Quantization approaches for LLMs can be broadly categorized into two main strategies: quantization-aware training (QAT) and post-training quantization (PTQ). QAT seamlessly integrates the quantization objective into the model’s training or fine-tuning process, enabling the LLM to adapt to low-precision representations during training. This adaptation aims to preserve higher performance even after quantization. Techniques like PEQA or QLORA fall under the QAT category, with LLM-QAT achieving remarkable results by distilling large LLaMA models down to just 4-bit quantized weights and key-value caches.
On the other hand, PTQ involves quantizing the parameters of an LLM after its training phase is complete.
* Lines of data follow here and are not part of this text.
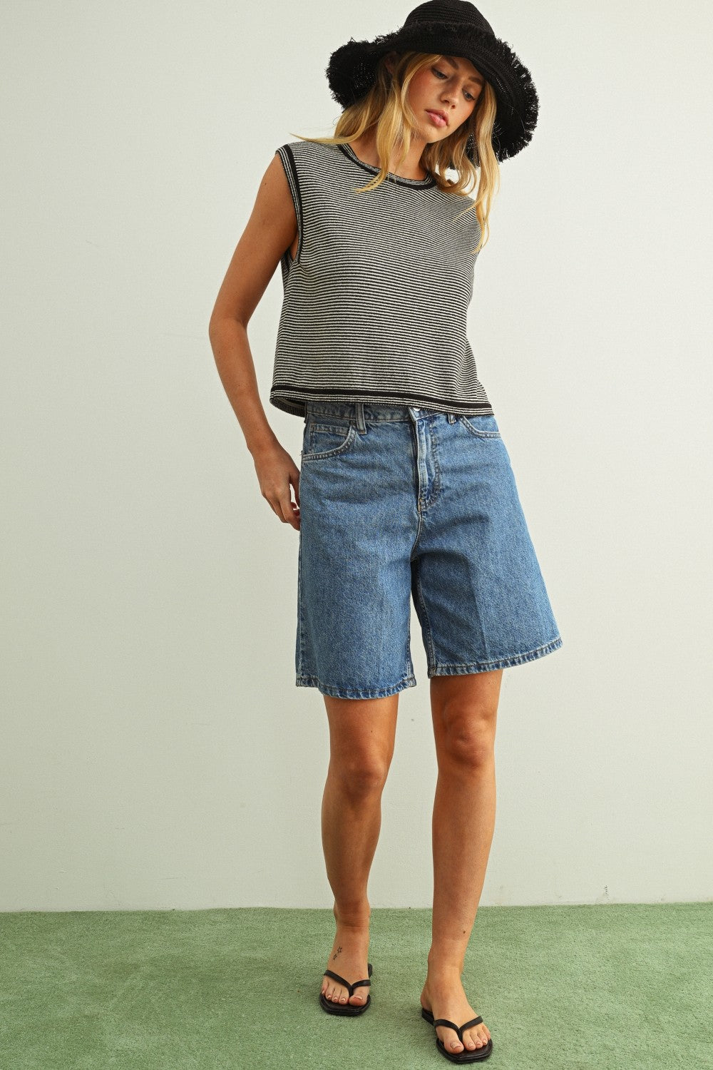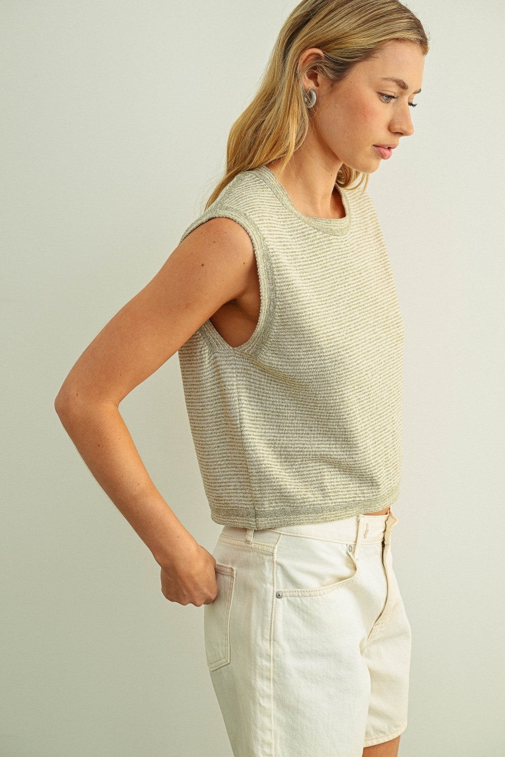 Pinstriped Sleeveless Knit Top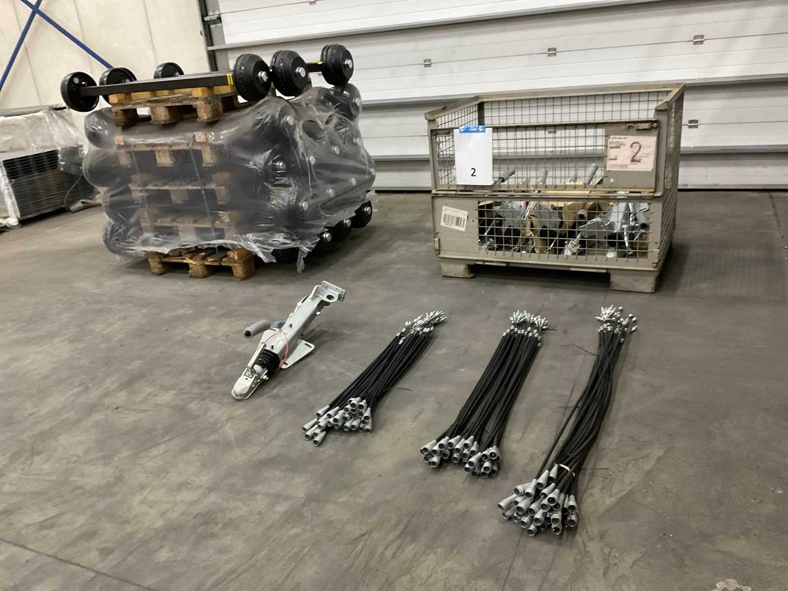 Bestaande uit: 10x oplooprem 35/35.4 ton, maximum massa 1750-3500 kg, maximum kogelgewicht 150 kg, bouwjaar 2023; 30x as 1800 kg Star Pad 1084 bouwjaar 2022; 30x remkabel 800/990; 30x remkabel 900/1090; 30x remkabel 1300/1490. Merk: WAP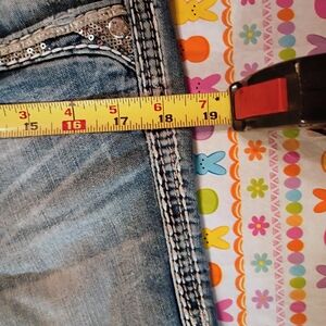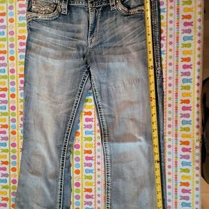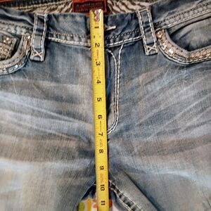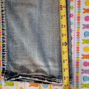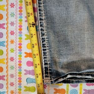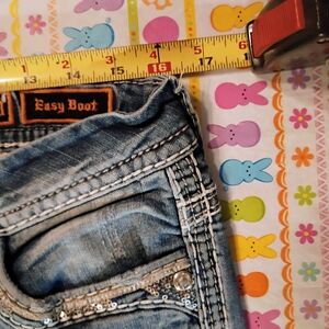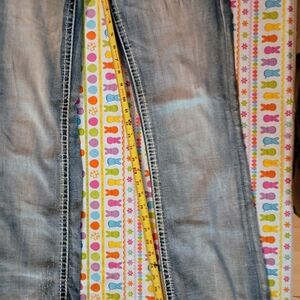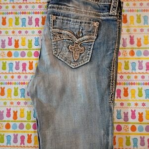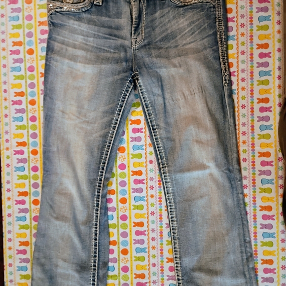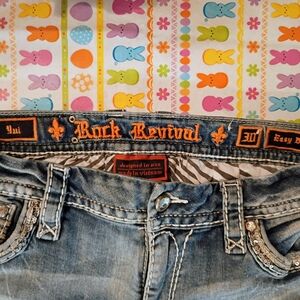 Stylish and comfortable women's rock revival blue jeans perfect for any casual occasion. Enjoy a classic look with a modern fit. slight extra stretched part of jeans on the upper thigh of jeans. It's shown in pics but not even noticable.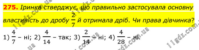 Іринка стверджує, що правильно застосувала основну властивість до дробу 2/7 й отримала дріб. Чи права дівчинка? 1) 4/7 – ні; 2) 4/14 – так; 3) 2/14 – ні; 4) 4/28 – ні.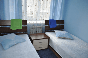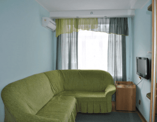 - Двуспальная или 2 односпальных кровати, 2 кресла-кровати, ТВ, холодильник, с/у с душем, кондиционер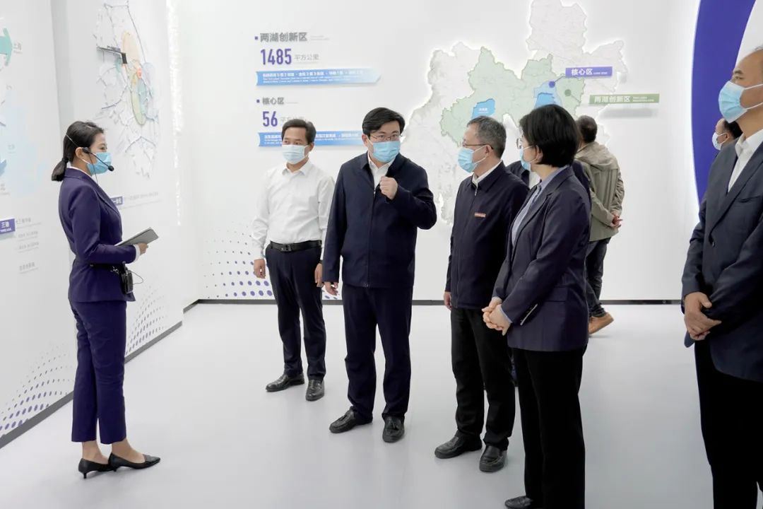 刘步健一行实地参观了“两湖”创新区规划展示馆,详细了解“两湖”创新区建设情况。紧扣规划、交通、项目、创新,我市着力打造“两湖”创新区,力争构筑面向长三角、面向未来的世界级生态创新湖区。“两湖”创新区规划展示馆承载着展示中心、接待中心、招商中心、指挥中心和青年中心五大功能定位。其中,展示中心以“生态创新区、最美湖湾城”为展陈主题,以“新城市、新产业、新人才”为展陈框架,将创意、科技、艺术有机融合,是集中展示“两湖”创新区美好蓝图及建设进展情况的形象载体,也是“两湖”创新区建设起好势、开好局的关键一环。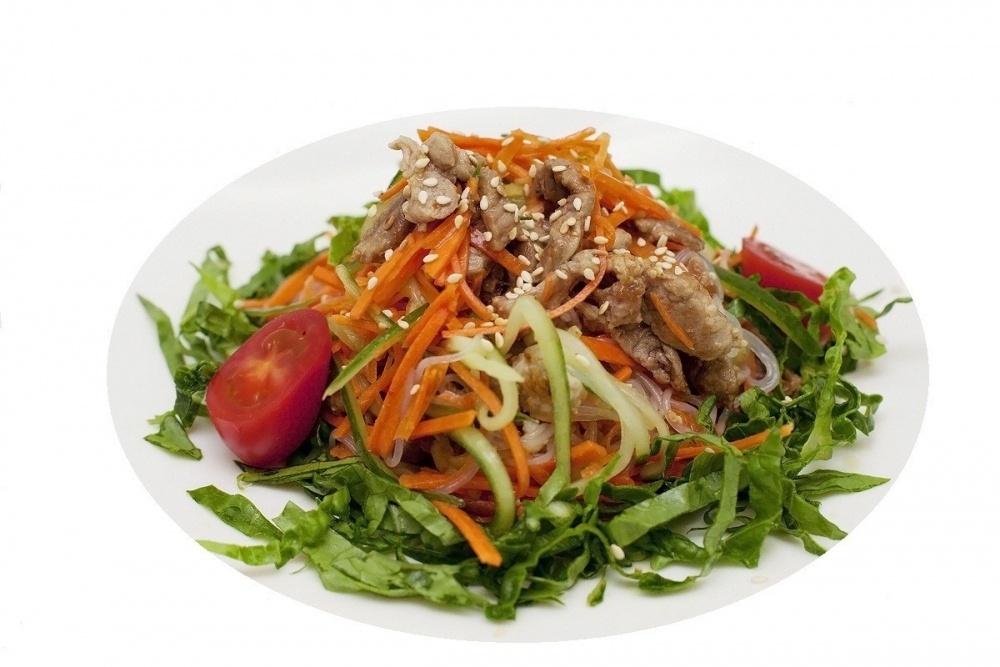 Простой по составу ,но очень сытный салат понравится вам ,если вы любите морковь по-корейски и острую еду.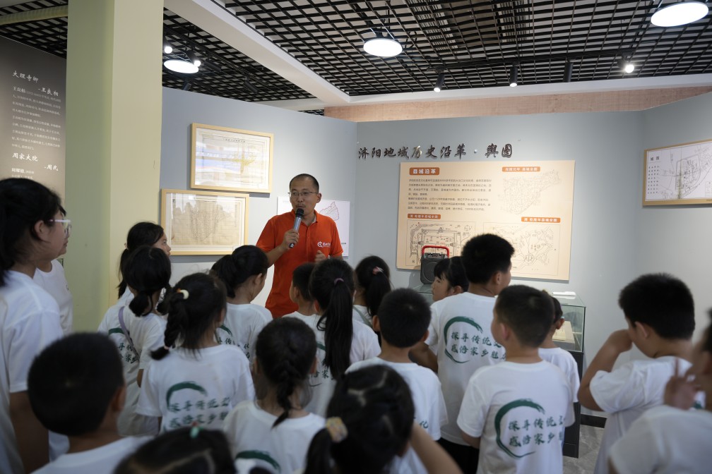 與文物對話,駐足歷史痕跡,感受文化的無窮魅力,增強孩子們的文化自信。孩子們在講解員的引領下參觀基地內濟水春秋博物館,館內陳列著大量的珍貴古籍文獻,涵蓋古代歷法、古代文學、古代農業(yè)等各個門類,各類歷史文獻描繪了濟陽厚重的歷史進程,孩子們在參觀中學習家鄉(xiāng)的歷史文化,了解濟陽故事,增強對家鄉(xiāng)的了解,提升文化自信。

The primary objective of PTQ is to reduce the storage and computational complexity of the LLM without requiring architectural modifications or extensive retraining. While PTQ introduces some precision loss due to quantization, it offers a straightforward way to enhance the efficiency of an LLM without significant alterations or training efforts. Approaches like LLM.int8(), and GPTQ fall under the PTQ category, exploring weight-only quantization, mixed-precision techniques, and layer-wise quantization strategies.
Recent research efforts have focused on pushing the limits of quantization for LLMs, aiming to achieve higher compression rates while minimizing accuracy degradation. With the sudden appearance of 1.58-bit quantization, we have unlocked a potential opportunity to build a new hardware that can be used for inference without the need for matrix multiplication.
Low-Rank Factorization
The main idea consists of finding a factorization of the weight matrix W into two matrices U and V with lower dimensionality. In this way, we can approximate the original weights with matrices that have fewer parameters, thus reduce computational costs.
This idea has been applied for fine-tuning LLMs efficiently (PEFT). For instance, LoRA finds a low rank factorization and tunes these smaller matrices to the desired task outputting an adapter that can be merged into the model. Alternatively, TensorGPT stores large embeddings in a low-rank tensor and allows the use of GPTs on edge devices.
Conclusion
The balance between Large Language Models performance and model size has long been studied, and although compressing them might harm their performance, it might be useful for applying a model in more niche conditions like robotics. But when it comes to a model designed for writing legal contracts, does it truly add value for it to have knowledge about physics? Up to a certain point?